Over and over again, structures of larger contexts can be retrieved in details. They mirror, they contradict, they caricature each other. And again, all human thinking seems to be an enormous utopia within the framework we can hardly adjust. Our physical space is limited, but therein, mental constructions come to improbable proportions. The film connects fragments of memories, thoughts and observations, finding recurrent themes in different graduation. Therefore these fragments become something different, they form their own.
Circling

The people are in turmoil. The ground from which their enchanted garden grows, is trembling. Between bushes and trees, flowerbeds and fountains, everyone has lost their way on their own. Their eyes search for paths, their hands try to remember. Sometimes they spot something. Sometimes they listen. They catch a whisper, a faint promise. They follow the petals downstream. Further.
A Thousand Waves Away

In Skopje, capital of Macedonia, the government wants to fabricate national history - with a monumental building plan worth over 80 million Euros.

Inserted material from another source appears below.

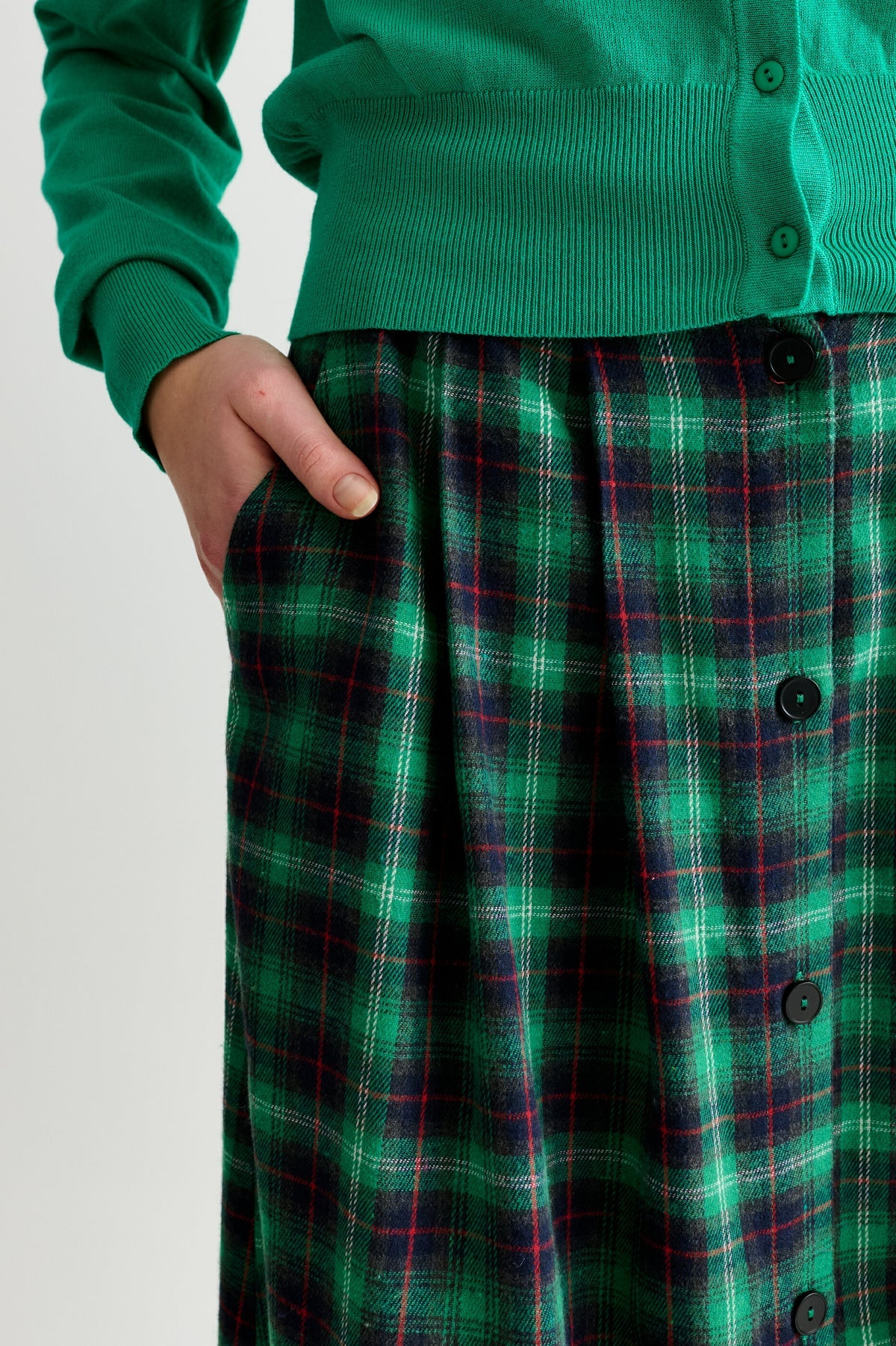The Bia Green Winter Check button through midaxi skirt is the perfect autumn essential. Its wide hem sweep adds a playful touch, making it easy to style with our bright blue Octavia blouse or your favourite black polo neck top. Ready to take you from crisp mornings to cosy evenings in effortless style.

In "Bigger Than Life", we ask: Does it sell? Do we believe the city to be the origin of Europe and its cradle of ancient high civilization as they try to stage it? Who has the power to construct history? A music film in four acts.
Bigger Than Life

An audio-visual installation by Helena Wittmann and Nika Son, based on the interaction of the shape and the sound from waves. The delicate image-installation arouses an awe of audiovisual senses to the audience. The shape of waves, the pitch of sound, and the innumerably changing waves made by screens of two different sizes, create the message of formation, evolution and extinction in the audio-visual, synesthetic sense.
Wildness of Waves

This precisely calibrated domestic diorama alights upon the imagined futures of a group of anonymous young adults. In Helena Wittmann’s warmly rendered feat of formalist filmmaking, questions of time and the realities of space convene in languid interior pans, incremental shifts in light, and the private reflections of her subjects.
Ada Kaleh

In addition to demonstrating the unexpected complexities of individual life paths, THE WILD establishes the possibility of “cinematic space” becoming a type of “third space”. Two seemingly contrasting spaces merge to construct a new space. The first space is the living room of a retired couple. The second space is embodied in Super 8 recordings filmed by the old man during his numerous trips to Africa and Asia during the 60s, 70s, 80s and 90s. The pictures show exotic animals which are projected directly onto the walls and furniture of the house. The assembly of these differing spaces does not create a more succinct boundary between them, but rather assists in the mingling of the two spaces. In this fleeting moment of third space, as it is limited by time, a new cinematic reality is formed.
The Wild

Water as a physical and metaphysical metaphor and background of human existence. A docu-fictional essay between the Brazilian Sertão-deserts and the Northern-German flood areas of Dithmarschen. Dramas and day-by-day-observations in times of climate change.
virar mar / meer werden / becoming sea

A young girl is cured of her epilepsy just as summer vacation is about to begin. During her last days with her classmates, she’ll come to experience life in a new way. Arranged as a series of elliptical tableaux, this haunting narrative from Luise Donschen (Casanova Gene) captures a simultaneous sense of discovery and disorientation as it proceeds from the confines of the classroom to a wider world of adolescent anxieties.
Entire Days Together

The film is a form-concious study of a city as well as of a site specific artwork by Anthony McCall. In it’s own way the film enables to re-experience this city again and again. On the other hand the film is a documentation of the artwork; of its conditions and its becoming.
Anthony McCall: Crossing The Elbe
Potatoes have to be peeled, withered orchid blossoms must be plucked. Then everything is in order.